Soooo, I never posted this recipe during the holidays (which is when I made it) but it’s a good one for year round. My boyfriend said this was his favorite lasagna he’s had ever. Never thought I would hear those words coming from his Italian mouth, but hey, the man knows what he likes. Also, my entire family enjoyed the rich layers and various subtle flavors the lasagna offered. Give it a go!

white Christmas lasagna ingredients:

  • 1 box lasagna pasta
  • 1 bag baby spinach
  • 2 containers baby bella mushrooms, sliced
  • caramelized onion & cashew alfredo sauce
  • cashew ricotta
  • herbed pistachio ricotta
  • peppered macadamia ricotta
  • Follow Your Heart vegan mozzarella slices

lasagna directions: Cook the lasagna pasta for half of the recommended time and add the cooked pasta to a bowl of iced water before layering. Preheat your oven to 350°F. In a large roasting pan or pyrex baking dish, add a layer of the sauce and then begin the first layer of pasta. Next, add a layer of the peppered macadamia ricotta and sliced mushrooms. Add an additional layer of sauce and another layer of lasagna pasta. Repeat this process with the herbed pistachio ricotta and spinach. Add more sauce and another layer of pasta. And now, another layer of sauce and the vegan mozzarella slices… and more sauce. I prefer mine saucy. Bake for an hour and half. Allow to cool for at least 30 minutes before serving.

caramelized onion & cashew alfredo sauce ingredients:

  • 1 large white onion, halved
  • 2 small yellow onions, halved
  • 6 cloves garlic
  • 1/4 cup coconut oil
  • veggie broth (enough to cover onions in crock pot)
  • 2 cups cashew milk
  • 1 tsp nutmeg
  • 1/2 container Follow Your Heart vegan Parmesan shreds

sauce directions: this version couldn’t be easier.
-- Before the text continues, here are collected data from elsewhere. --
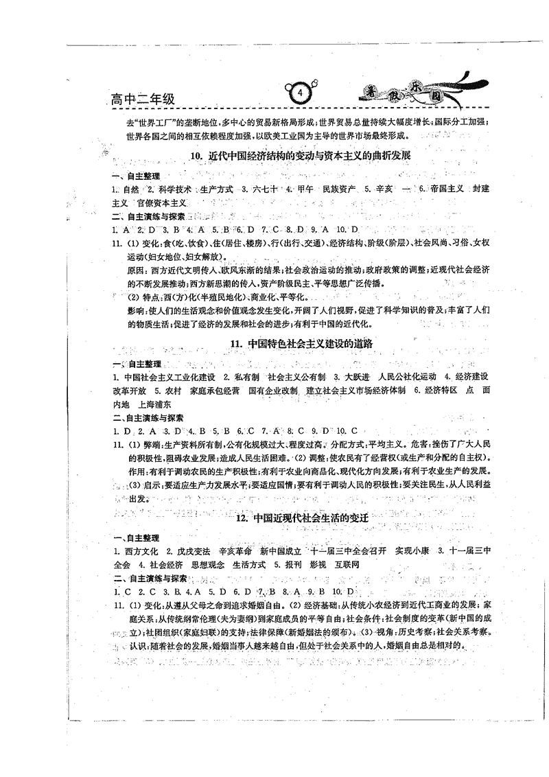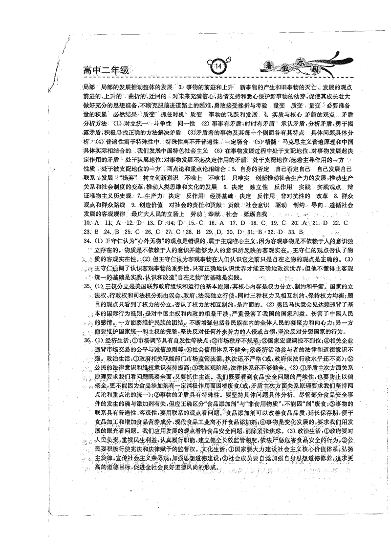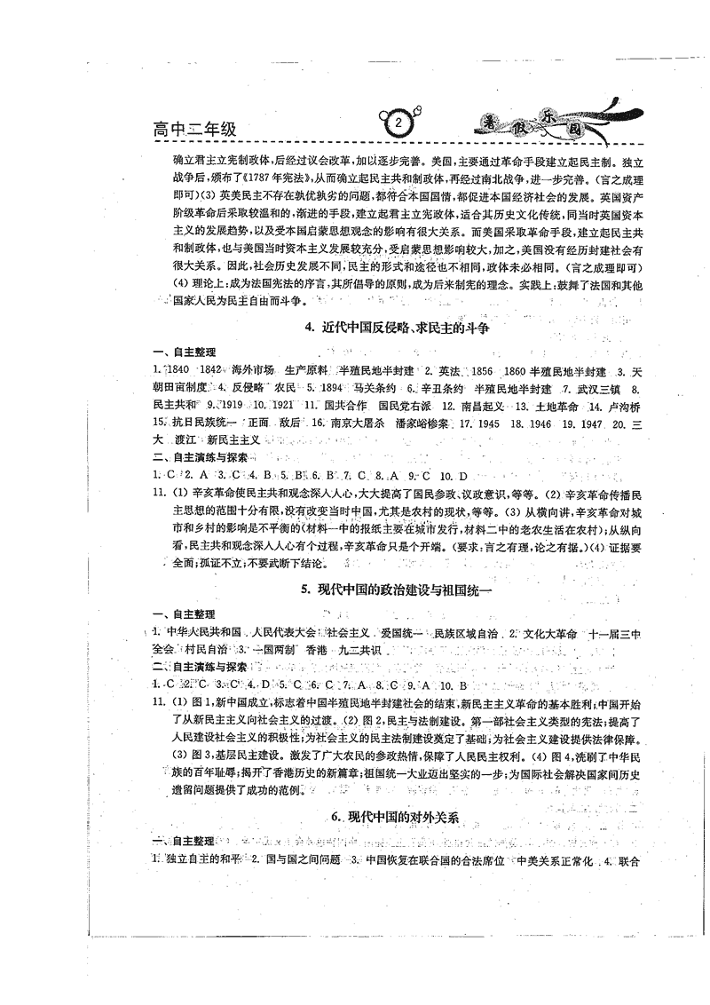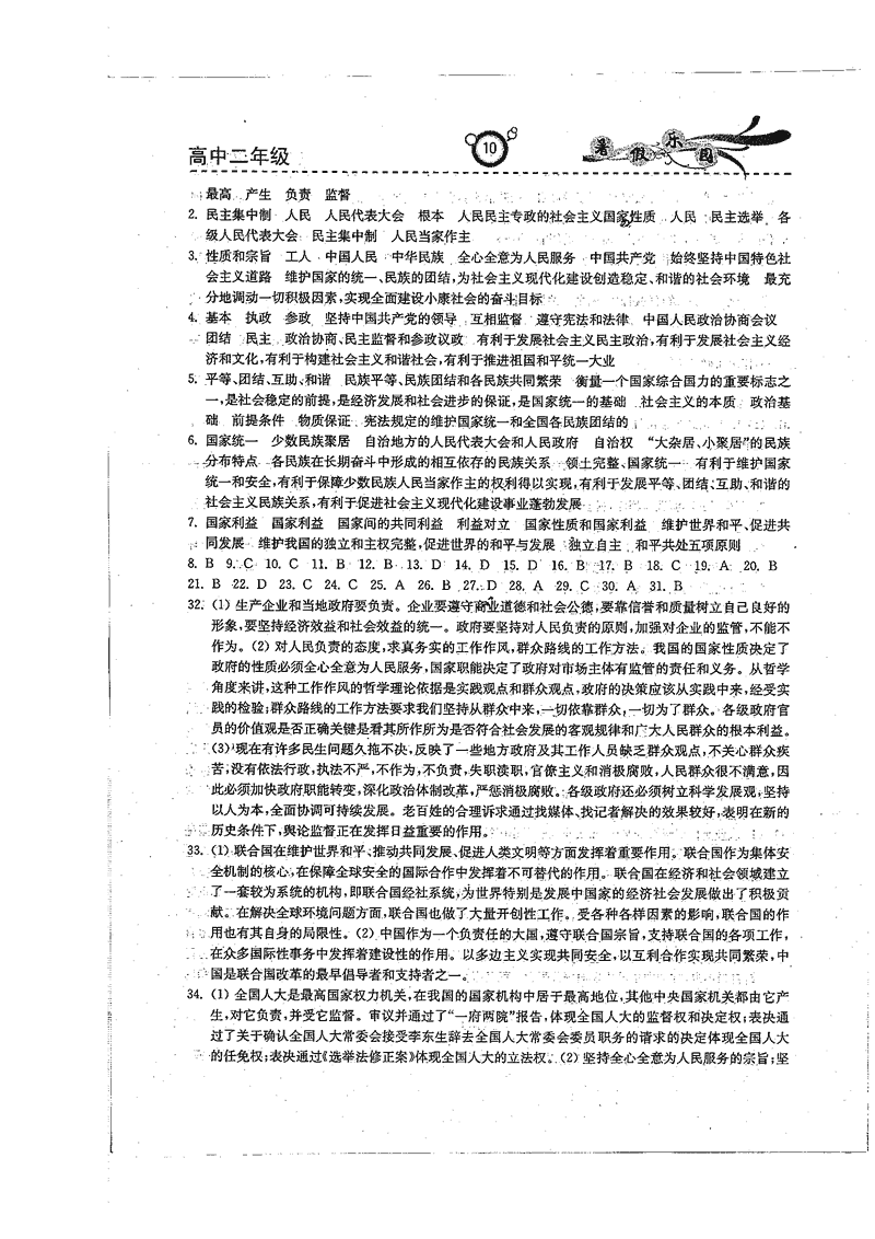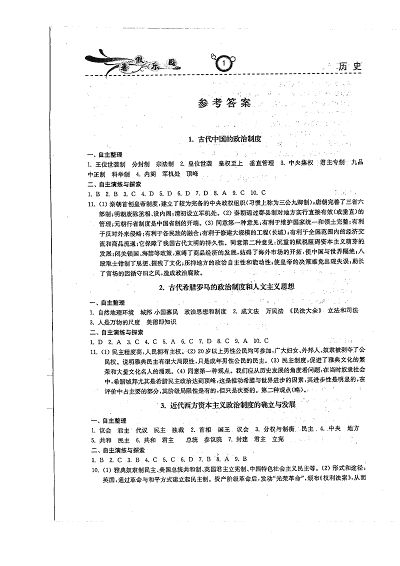 高二政治历史暑期作业参考答案(暑假乐园)
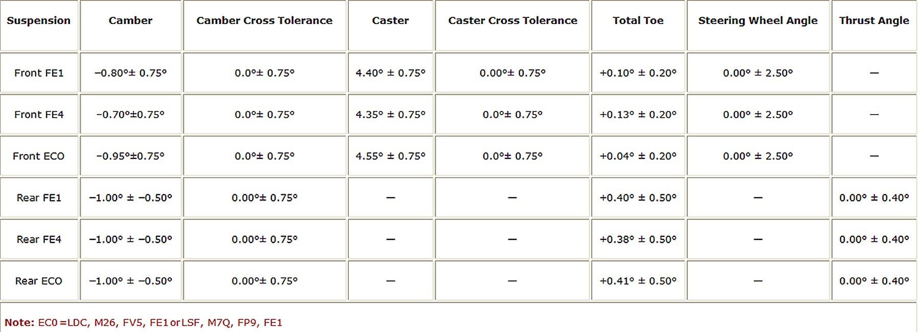 Wheel Alignment Specifications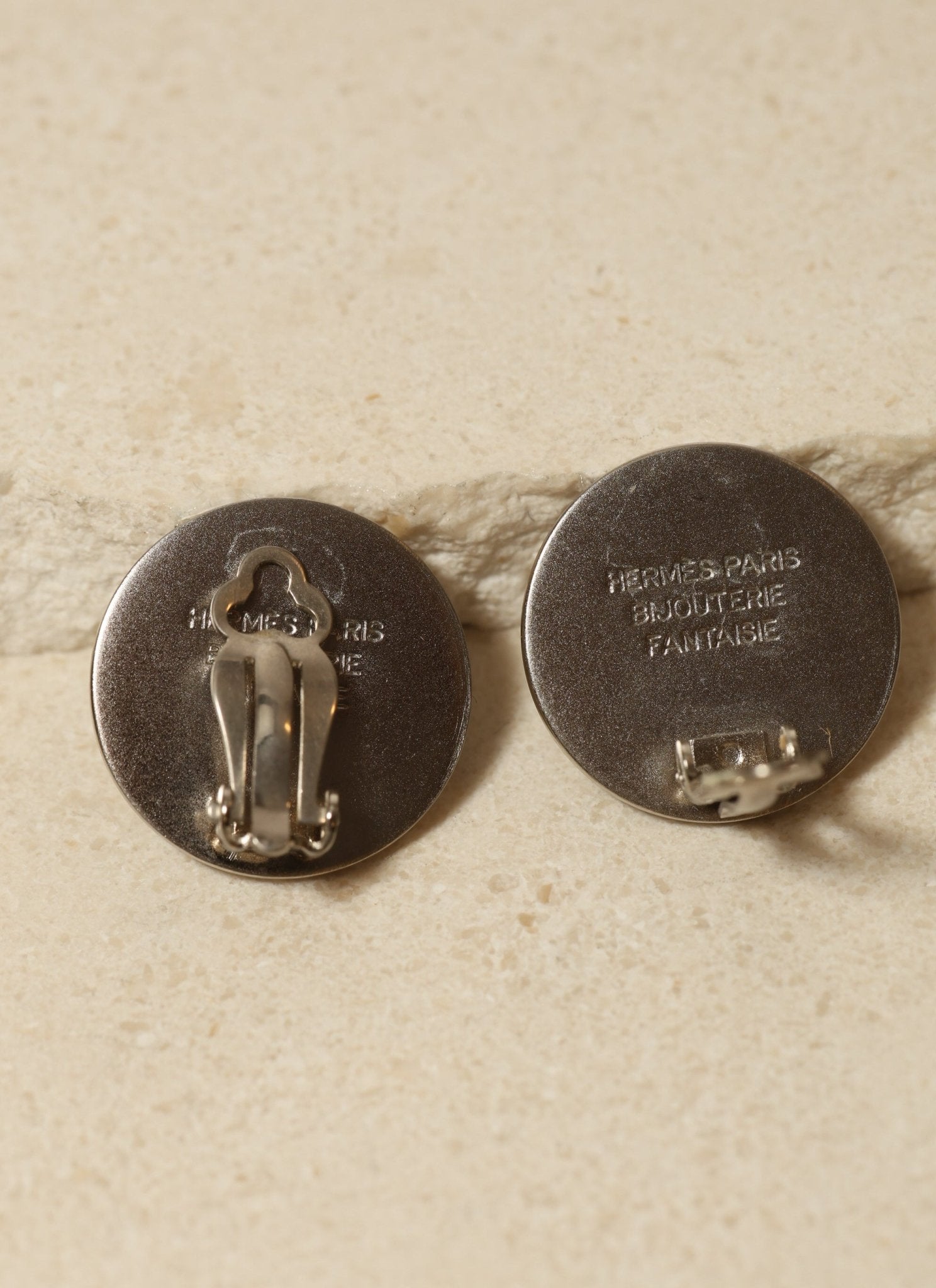 Hermès Silver Matte Clou de Selle Clip-On Earrings
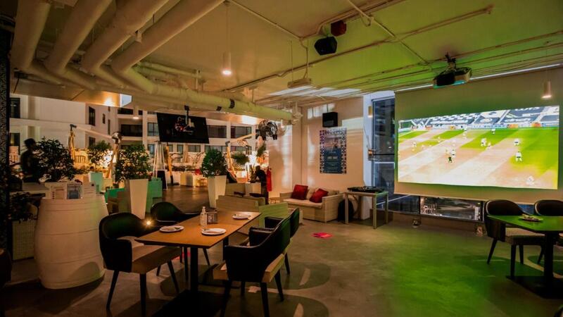 استمتعوا بالنكهات الغنية من قائمة الأطباق الرائعة والتي تضم عددًا من خيارات الأطباق المتوسطية، فيما تعيشون أجواء المرح وتشجيع فريقكم المفضل. كما يستمتع الضيوف بالمشروبات المنعشة والشيشة المميزة بالنكهة التي يختارونها من مجموعة النكهات الفريدة المتاحة.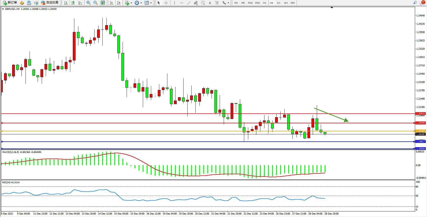 英镑美元GBPUSD ——4小时K线图显示: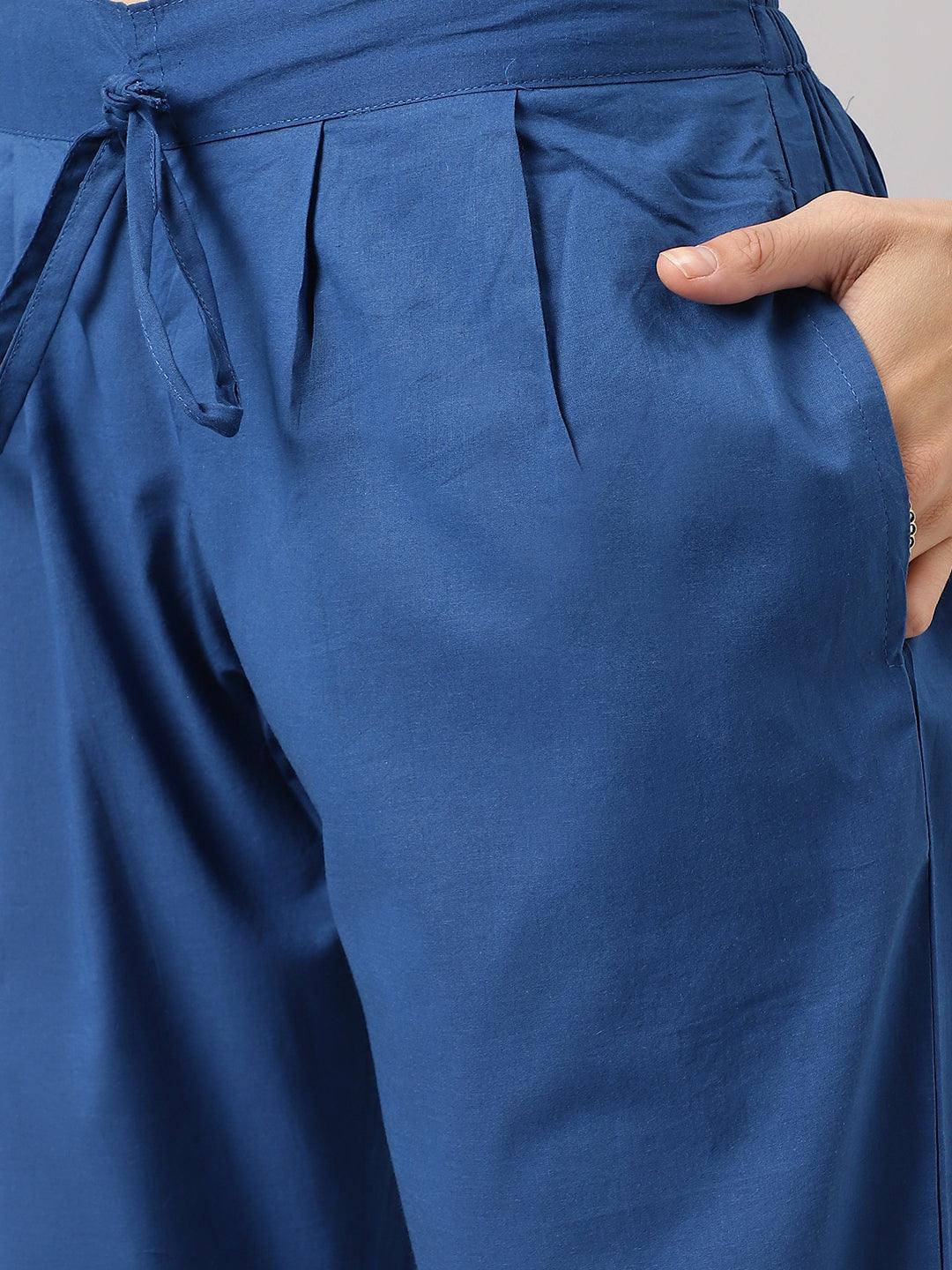 Blue Floral Printed Kurta Pant Set with dupatta -  world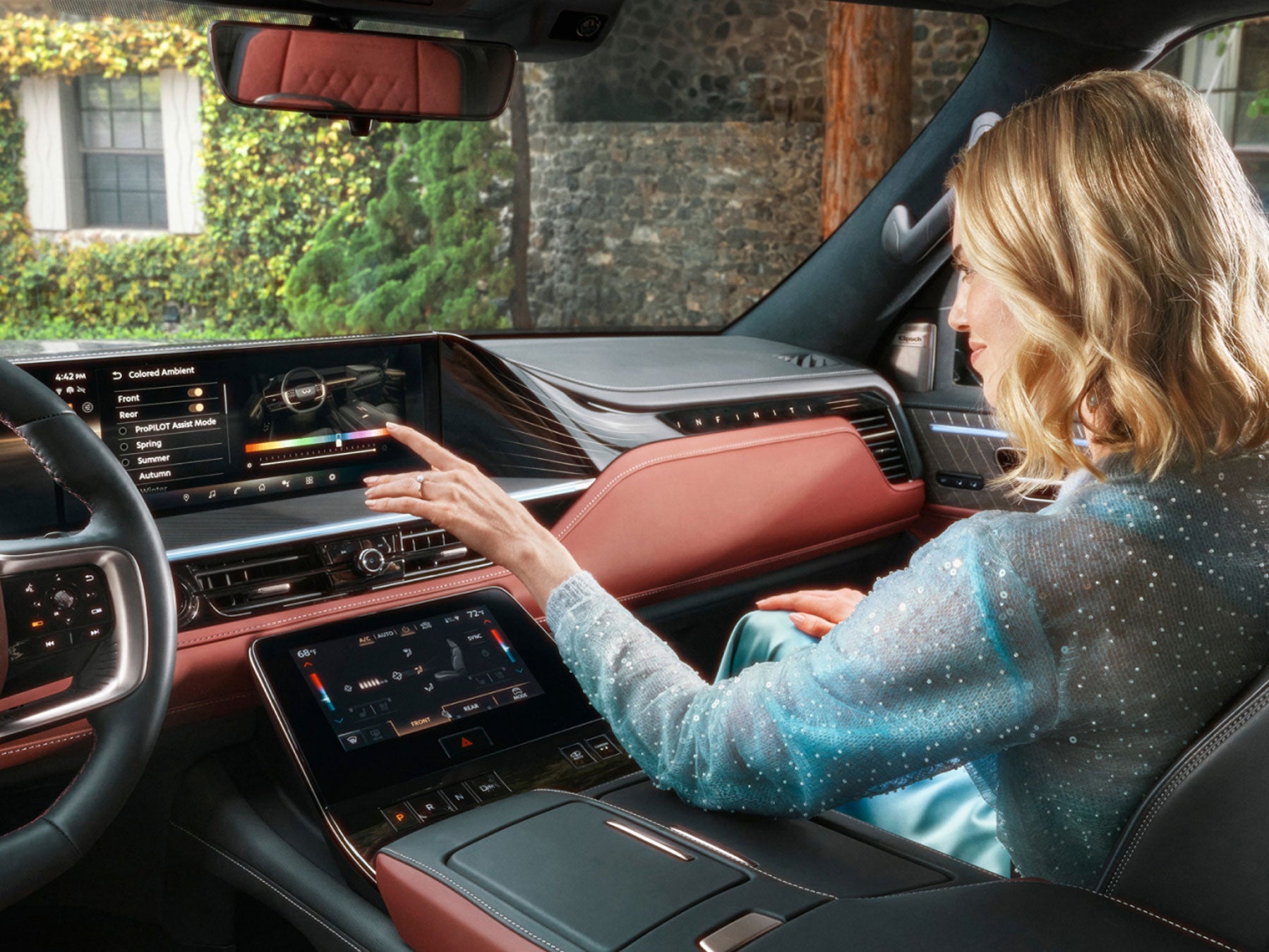 • Dramatic INFINITI Light Path welcoming feature and 64-color Personalized Ambient Lighting[*]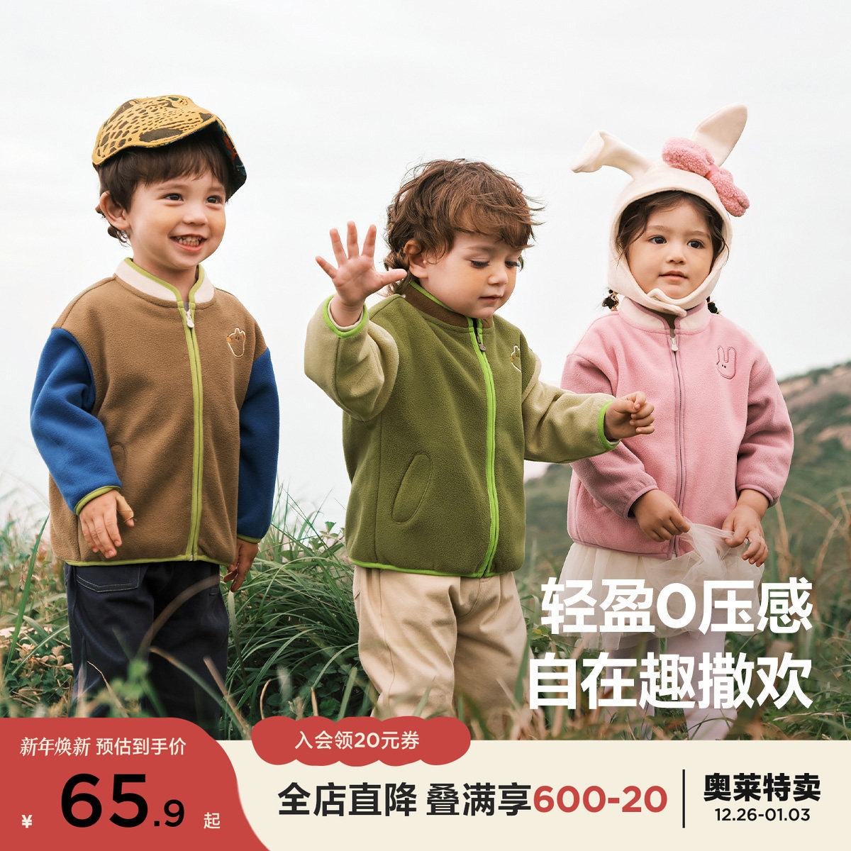 【猫绒绒】迷你巴拉巴拉男童女童外套春装宝宝双面摇粒绒儿童春秋

Put all of the ingredients into a crockpot and let cook for about 6 hours. Once everything is soft, blend with an immersion blender or food processor. That’s it!

cashew, pistachio or macadamia nuts ricotta’s:

  • 1 lb nuts, soaked in water overnight (or quickly boiled for about 20 minutes) I used cashews, pistachios and macadamias. This is not necessary! You can use one type of nut 🙂 (I’m just a nut who loves nuts and their various flavor notes)
  • 1/4 tsp apple cider vinegar
  • juice of 1 lemon
  • 1 tsp salt
  • herbs to season: dried oregano & rosemary, garlic & onion powders, pepper
  • 3 tbsp nutritional yeast

nut ricotta directions: Take your overnight soaked nuts (or boiled nuts) with the water and blend in a food processor or blender until smooth. Add the apple cider vinegar, lemon juice, salt, herbs/seasonings and nutritional yeast. Pulse until smooth and creamy like ricotta. DONE!